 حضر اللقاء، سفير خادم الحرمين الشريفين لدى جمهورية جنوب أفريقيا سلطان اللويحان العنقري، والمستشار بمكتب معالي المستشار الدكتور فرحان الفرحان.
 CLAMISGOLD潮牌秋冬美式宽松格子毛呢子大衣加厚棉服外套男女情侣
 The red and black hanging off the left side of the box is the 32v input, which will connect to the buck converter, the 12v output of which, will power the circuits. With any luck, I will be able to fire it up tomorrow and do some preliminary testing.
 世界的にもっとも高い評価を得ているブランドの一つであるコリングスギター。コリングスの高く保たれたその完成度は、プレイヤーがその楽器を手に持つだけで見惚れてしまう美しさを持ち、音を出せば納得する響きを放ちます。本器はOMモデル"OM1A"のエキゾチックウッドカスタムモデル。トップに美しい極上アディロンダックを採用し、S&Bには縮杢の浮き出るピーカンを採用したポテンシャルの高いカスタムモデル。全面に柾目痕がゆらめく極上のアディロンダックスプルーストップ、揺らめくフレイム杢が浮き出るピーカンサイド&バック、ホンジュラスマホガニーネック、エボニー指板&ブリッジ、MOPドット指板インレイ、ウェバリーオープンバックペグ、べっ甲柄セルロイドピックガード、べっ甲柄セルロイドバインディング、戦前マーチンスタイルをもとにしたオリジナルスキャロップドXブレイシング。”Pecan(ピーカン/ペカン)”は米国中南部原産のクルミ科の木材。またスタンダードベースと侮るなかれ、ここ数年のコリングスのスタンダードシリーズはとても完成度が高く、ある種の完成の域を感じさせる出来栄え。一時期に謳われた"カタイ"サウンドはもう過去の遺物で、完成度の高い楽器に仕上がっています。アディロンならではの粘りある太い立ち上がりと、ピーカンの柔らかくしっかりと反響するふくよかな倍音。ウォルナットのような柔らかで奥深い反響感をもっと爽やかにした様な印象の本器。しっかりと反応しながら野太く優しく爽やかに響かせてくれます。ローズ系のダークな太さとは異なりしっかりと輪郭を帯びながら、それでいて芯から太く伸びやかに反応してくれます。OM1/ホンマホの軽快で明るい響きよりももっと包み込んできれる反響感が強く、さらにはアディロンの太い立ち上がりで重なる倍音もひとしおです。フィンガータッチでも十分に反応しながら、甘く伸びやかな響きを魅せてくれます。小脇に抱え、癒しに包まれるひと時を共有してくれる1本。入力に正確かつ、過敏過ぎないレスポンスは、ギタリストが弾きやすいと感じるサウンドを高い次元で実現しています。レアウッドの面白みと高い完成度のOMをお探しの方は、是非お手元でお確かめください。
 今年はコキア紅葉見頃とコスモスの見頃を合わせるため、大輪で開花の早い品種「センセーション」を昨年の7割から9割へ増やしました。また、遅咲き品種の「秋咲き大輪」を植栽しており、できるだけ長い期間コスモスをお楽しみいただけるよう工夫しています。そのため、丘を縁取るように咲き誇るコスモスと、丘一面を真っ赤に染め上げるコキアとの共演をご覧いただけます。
■ ■ ■ ■
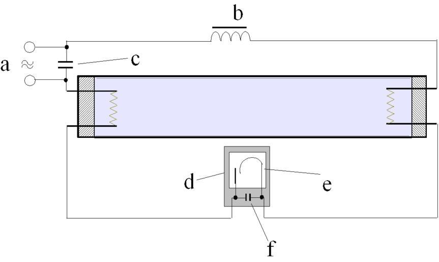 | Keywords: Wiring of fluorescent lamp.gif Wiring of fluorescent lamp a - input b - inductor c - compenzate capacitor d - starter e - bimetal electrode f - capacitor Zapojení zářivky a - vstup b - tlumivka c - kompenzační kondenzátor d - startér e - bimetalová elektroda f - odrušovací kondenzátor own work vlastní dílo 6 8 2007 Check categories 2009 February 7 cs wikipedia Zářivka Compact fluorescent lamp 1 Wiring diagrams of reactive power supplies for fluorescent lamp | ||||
■ ■ ■ ■
Goal of the exercise: Only one stretch of the records above is wanted: the lines between the one holding "CLAMISGOLD潮牌秋冬美式宽松格子毛呢子大衣加厚棉服外套男女情侣" and the one holding "The red and", inclusive, reproduced exactly.

Your solution:
 CLAMISGOLD潮牌秋冬美式宽松格子毛呢子大衣加厚棉服外套男女情侣
 The red and black hanging off the left side of the box is the 32v input, which will connect to the buck converter, the 12v output of which, will power the circuits. With any luck, I will be able to fire it up tomorrow and do some preliminary testing.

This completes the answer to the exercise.